Re: Non-hierarchical base URLs (was Re: draft-abarth-url-01 uploaded) from Roy T. Fielding on 2011-05-02 (public-iri@w3.org from May 2011)

From: Roy T. Fielding <fielding@gbiv.com>
Date: Mon, 2 May 2011 16:33:00 -0700
To: Maciej Stachowiak <mjs@apple.com>
Cc: Adam Barth <ietf@adambarth.com>, public-iri@w3.org
Message-Id: <42B7FB82-93A9-4D07-A0E0-9A4C842C28E7@gbiv.com>

On Apr 28, 2011, at 12:29 AM, Maciej Stachowiak wrote:
> On Apr 27, 2011, at 10:12 PM, Roy T. Fielding wrote:
> 
>> As you well know, what HTML5 needs is a definition for parsing
>> arbitrary attribute values in document encoding.  Those attribute
>> values are not URLs.  They aren't even URI references.  They are
>> one or more space-separated or space-ignoring strings in an HTML
>> attribute encoding, and each reference needs to be extracted and
>> transcoded before the definitions in 3986 are even applicable.
> 
> It is fine to call the types of resource identifiers that appear in HTML and other parts of the Web platform (CSS, XHR, SVG, etc) something other than "URL" or "URI". The name does not really matter for interoperability.

Technically, yes, but from a social perspective we have seen a
lot of confusion caused by descriptions of URL, URI, or anyURI
being the documented value range of attributes or data entry
dialogs.  That was actually true in some distant past, but
browsers stopped rejecting invalid references a long time ago,
for good reasons, and usually do some form of pct-encoding or
truncation instead.  We should therefore stop referring to the
input as a uniform identifier when it is, in fact, an arbitrary
string.  We can then unambiguously refer to the output of the
parsing, transcoding, and recombination algorithm as a URI or
URL as defined by RFC3986.  That is why I use the term reference
for the value as found in the attribute/dialog.

>> However, for the subset of possible references that do happen
>> to match what are called valid URI references by RFC3986, then
>> we have already tested consensus and deployed many implementations
>> that conform exactly to the results given in RFC3986.  
> 
> If these references are something other than URIs, and must be transcoded, why is it important that the subset that happens to look syntactically like a valid URI must be processed without that transcoding step?

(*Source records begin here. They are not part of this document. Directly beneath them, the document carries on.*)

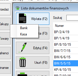 Wprowadzając wpłatę lub wypłatę przez moduł Finanse klikamy na przycisk Wpłata (F2) lub Wypłata (F3). Następnie wybieramy czy ma to być wpłata/wypłata realizowana przez bank lub kasę.
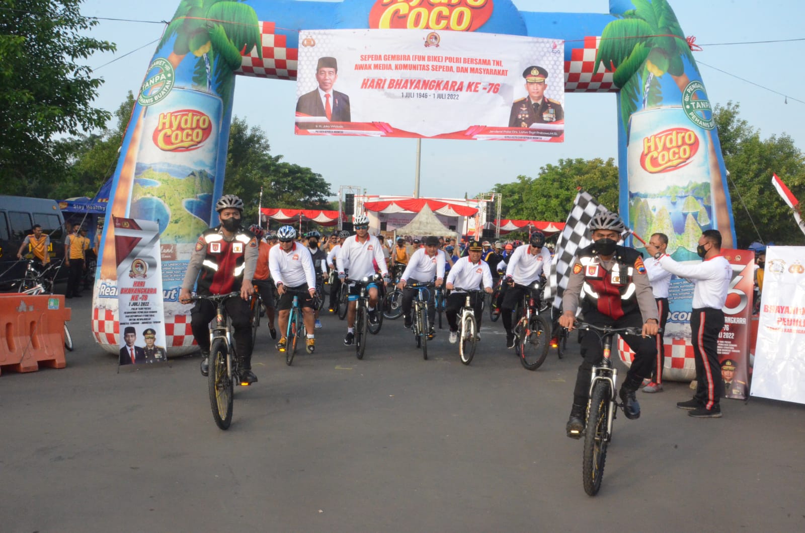 Informasi yang dihimpun sekitar 850 orang warga Karanganyar dari berbagai komunitas sepeda, masyarakat umum, TNI, Polri dan Forkompinda mengikuti sepeda santai berjarak 10 kilometer. Bersama masyarakat, Forkompinda menikmati santapan soto. “Saya mengucapkan selamat HUT Bayangkara ke 76. Rangkaian hari jadi ini dilakukan dengan gowes atau sepeda gembira. Hal ini tentu membuat raga menjadi sehat,” papar Wakil Bupati Karanganyar, Rober Christanto.
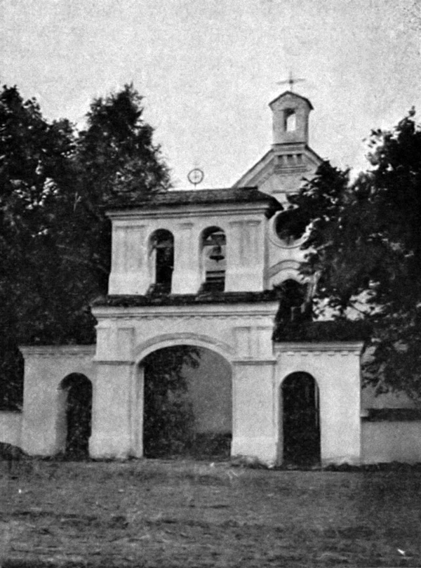 При входе на кладбище по оси часовни расположена ворота-звонница — трехпролетная арка с центральным носовым проходом и двухъярусной колокольней.
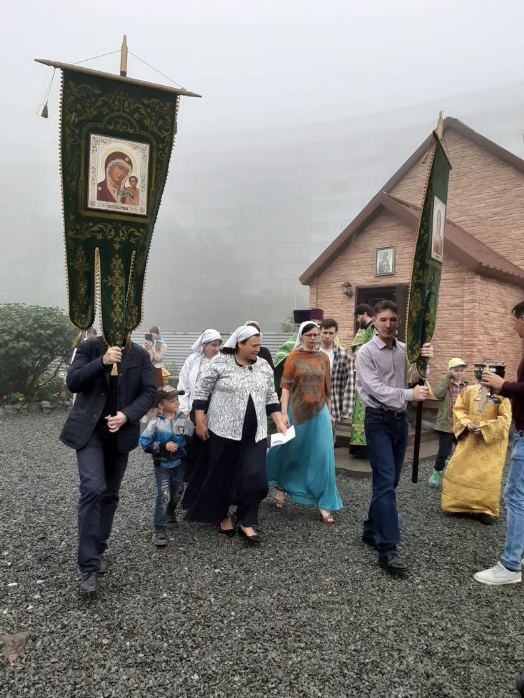 По завершении Литургии состоялся крестный ход по территории храма с иконой небесного покровителя.
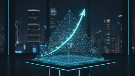 An abstract pyramid made of glowing lines and dots, with ascending arrows symbolizing wealth and success
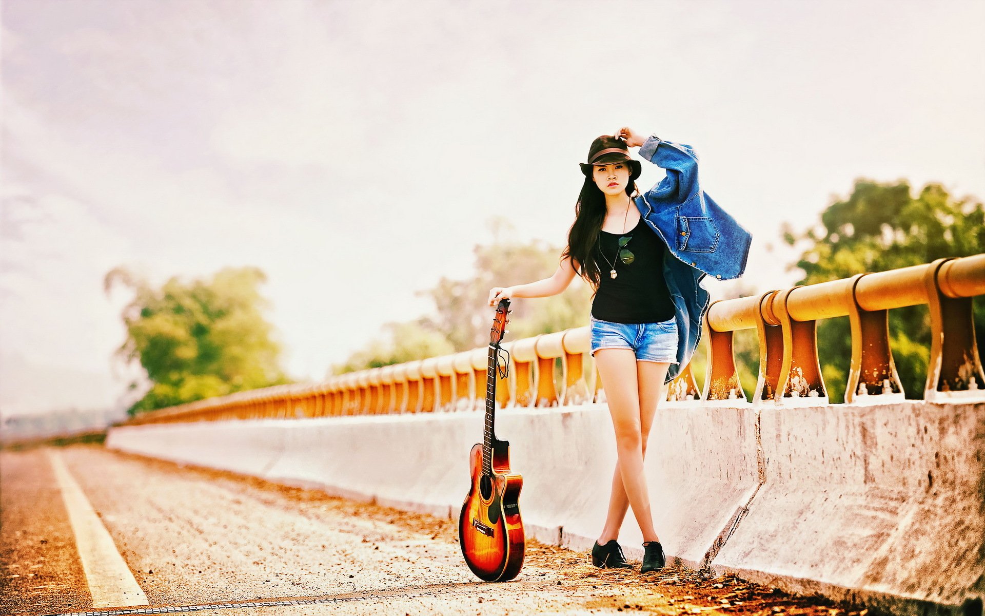 Die gitarre in den händen eines mädchens in der naturDie Gitarre in den Händen eines Mädchens in der Natur
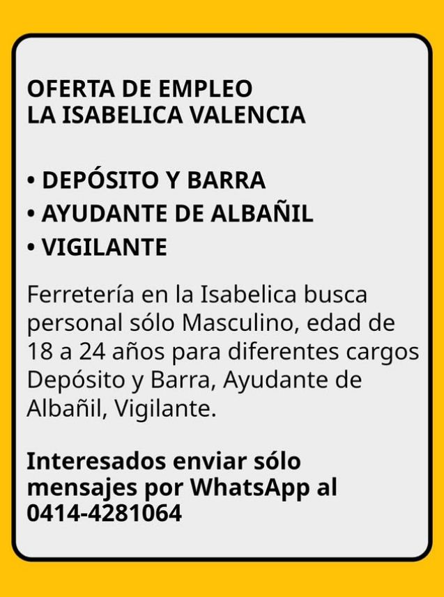 OFERTA DE EMPLEO. NAGUANAGUA CARABOBO.

This implies that the transcoding must be the identity encoding in some cases. Where does that assumption come from?

Authors have been using plain old ASCII references to URIs for
longer than the Web has been documented.  We expect them to
still work.  Likewise for references that are in the document
encoding but only use the subset of characters that are found
in ASCII.  URIs are defined in terms of characters, not octets,
so the transcoding I am referring to is the removal of whitespace,
pct-encoding of non-unreserved characters, etc.  A reference that
is already in URI form does not need to be transcoded.

....Roy

Received on Monday, 2 May 2011 23:33:25 UTC